RECORDS FOR PROCESSING Start Marker

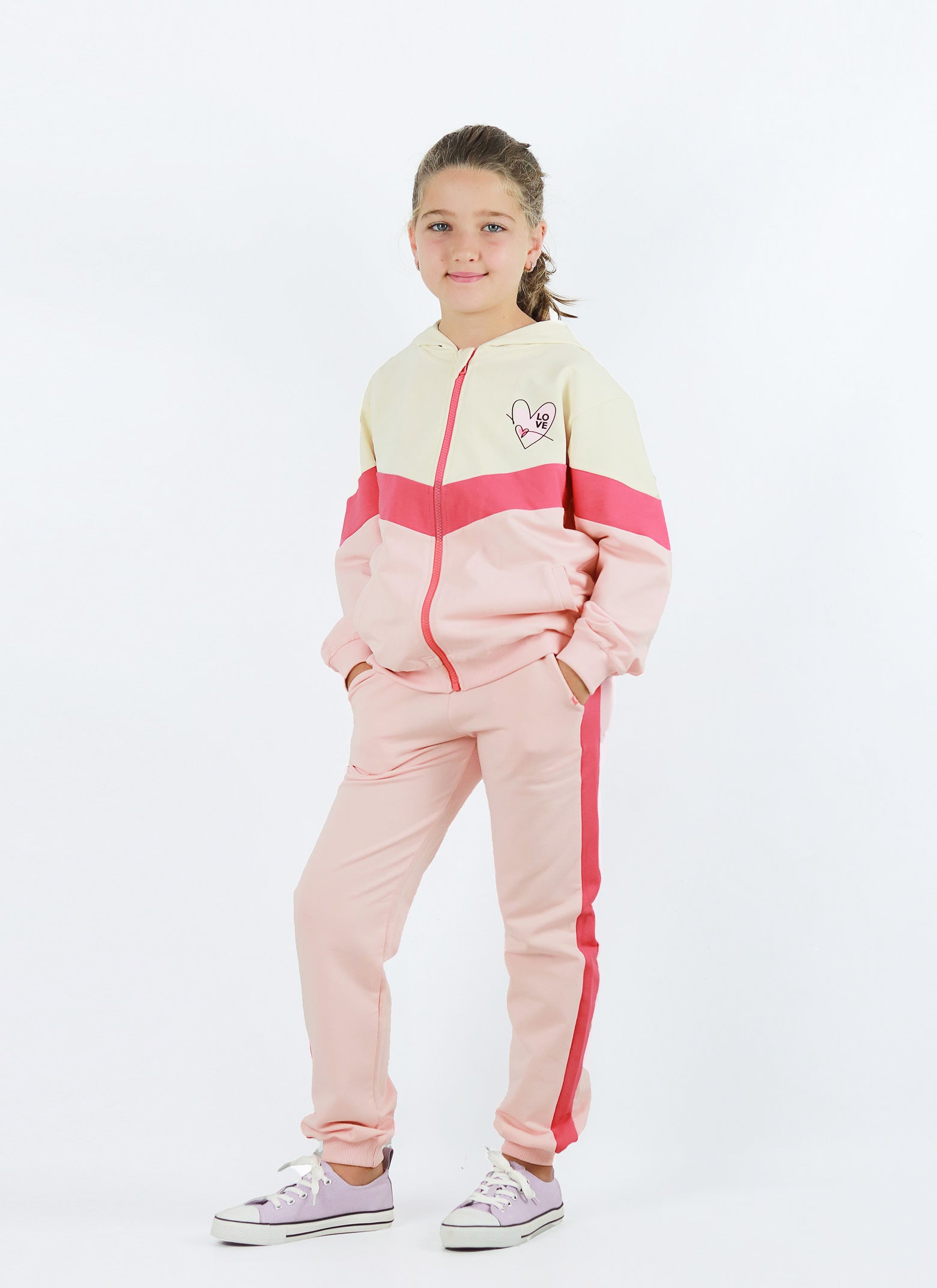 Цветен комплект с принт създадохме от мек сертифициран памук, OEKO-TEX Standard 100 с добавени полиестер и еластан, които не позволяват разтегляне на плата при лактите и коленете. Моделът е от суитшърт с качулка закопчаващ се с цип с маншети на талията и ръкавите и класическо долнище, стилен и удобен за ежедневието на децата. Съчетанието на три цвята го прави свеж, интересен и подходящ за училище, спорт и весели игри. Суитшърта може да носите отделно и като връхна дреха.
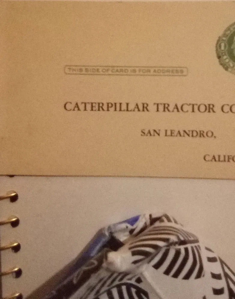 Selling a vintage postcard from Caterpillar Tractor Co. from San Leandro, California. It's a neat piece of history!
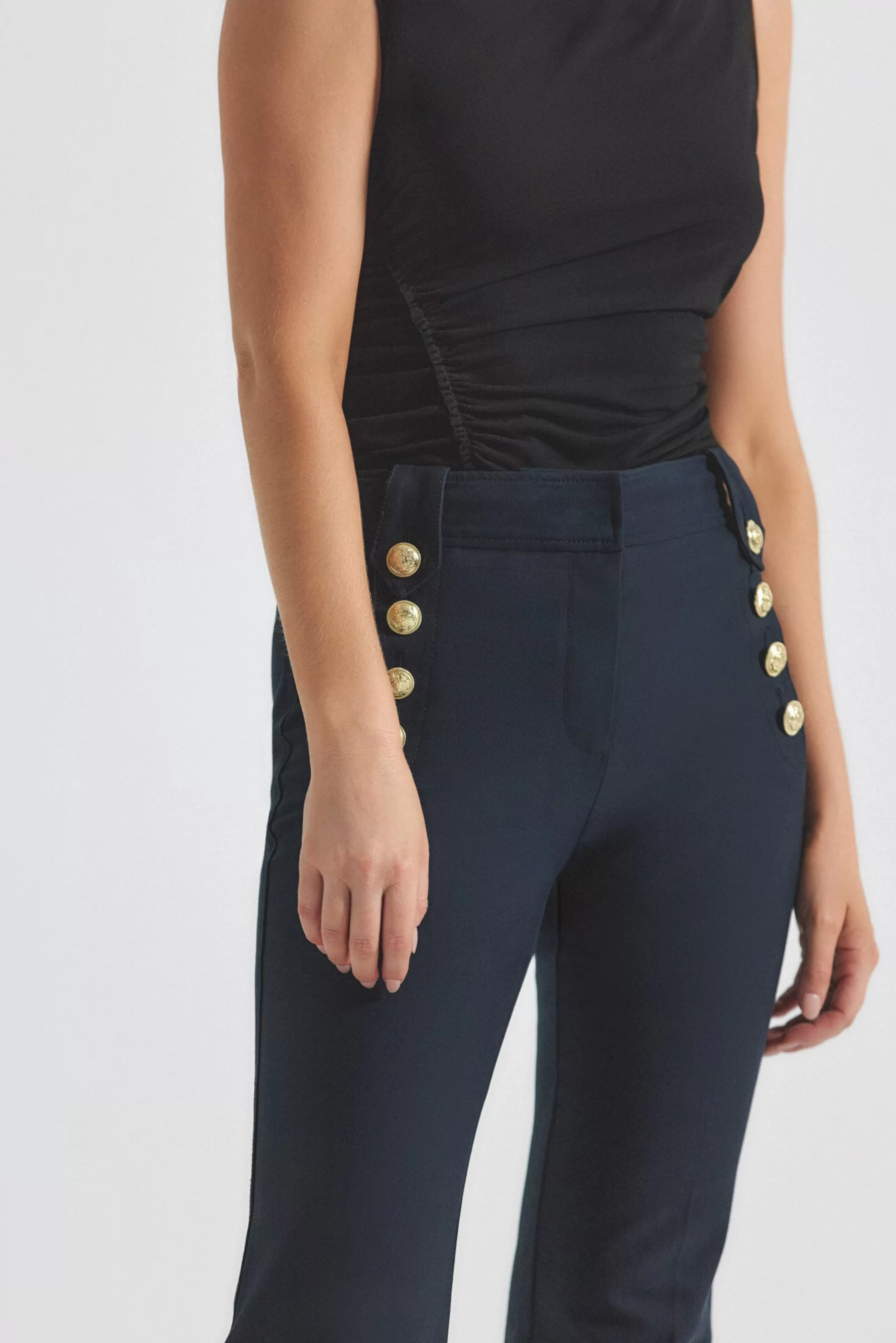 Our cult-favorite flared twill trouser with gold-tone sailor button details along the hips. Zip fly with button closure,…
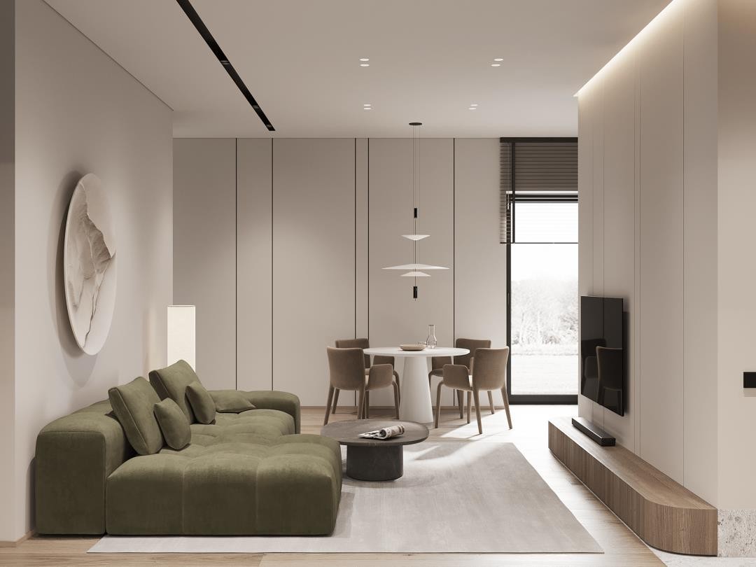 门厅处的水磨石地砖铺贴方便了日常的打理,木色和浅灰色的背景墙相互衬托,更显得雅致、大气。客厅整体采用了一种静默感的色彩,将现代风格的时尚干练与光洁质感,融入简约的典雅氛围,木色的优雅在恬静灰调中轻盈勾勒,呈现出简约的都市品味!
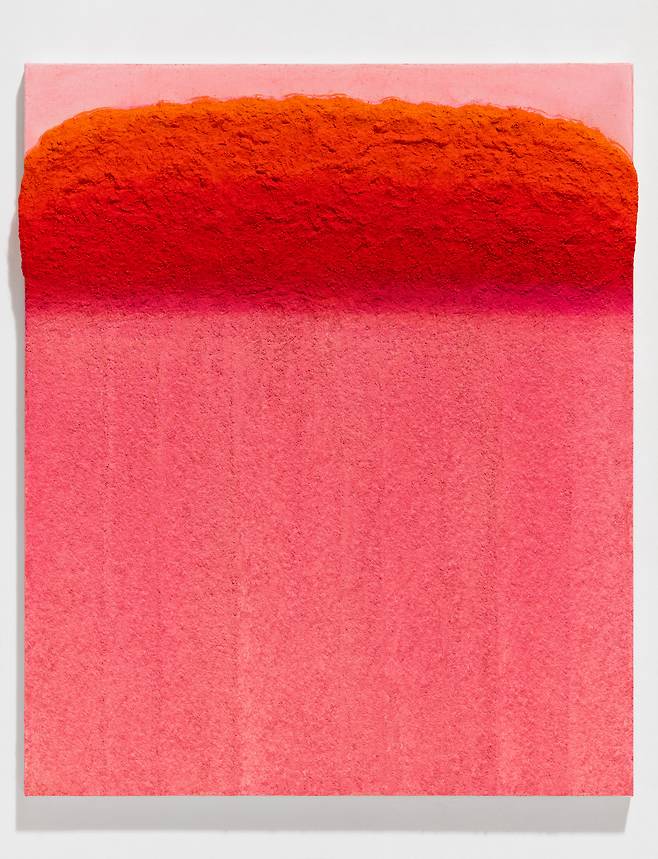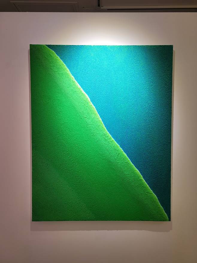 액자에 갇힌 그림에서 탈출한 아르테포베라(Arte Povera)의 개념과 같이, 틀에 갇힌 창작을 벗어던진 본질 세계로의 질문과 만난 것이다. ‘물감-미디엄’ 등과 함께 섞고 이겨서 올려진 캔버스 위에서 톱밥은 또 다른 유기체가 되어 우리 앞에 자리한다. 고도로 집중한 작가의 신체 행위를 통해 흔적과 마띠에르, 자연의 변화 자체를 온전히 품은 다양한 레이어의 색채미감을 새로운 감각의 회화로 창출하는 것이다.
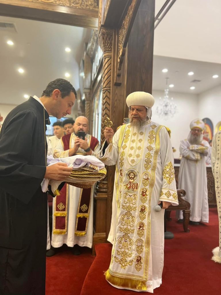 On the 2nd Sunday of the blessed month of Mesore, August 20, 2023, His Eminence Metropolitan Serapion accompanied by their Graces, His Grace Bishop Suriel, His Grace Bishop Abraham, and His Grace Kyrillos laid hands on and ordained the blessed Deacon Gabriel Iskander, as a priest in the Diocese of Los Angeles to serve at St. Justina Coptic Orthodox Church in Rancho Cucamonga, California. He was given the name Fr. Gabriel Iskander.
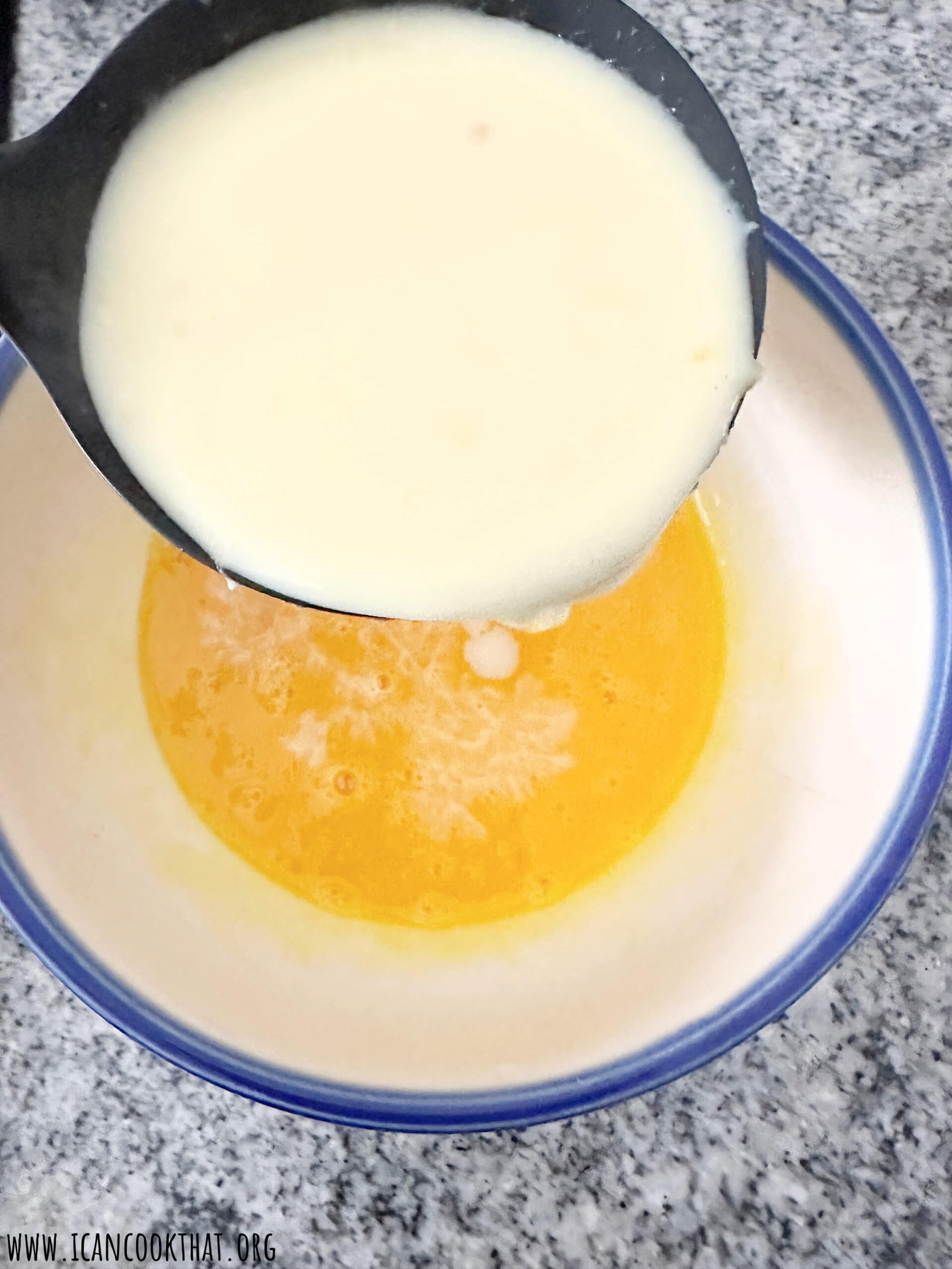 - Ladle out about a 1/2 cup of the steamed mixture and slowly drizzle it into the egg yolks while whisking to combined.

RECORDS FOR PROCESSING End Marker

ACTIVITY: After locating "Selling a vintage" and "门厅处的水磨石地砖铺贴方便了" in the records above, return exactly the line holding each one and every line between them; leave out the pictures.

ANSWER SECTION:
 Selling a vintage postcard from Caterpillar Tractor Co. from San Leandro, California. It's a neat piece of history!
 Our cult-favorite flared twill trouser with gold-tone sailor button details along the hips. Zip fly with button closure,…
 门厅处的水磨石地砖铺贴方便了日常的打理,木色和浅灰色的背景墙相互衬托,更显得雅致、大气。客厅整体采用了一种静默感的色彩,将现代风格的时尚干练与光洁质感,融入简约的典雅氛围,木色的优雅在恬静灰调中轻盈勾勒,呈现出简约的都市品味!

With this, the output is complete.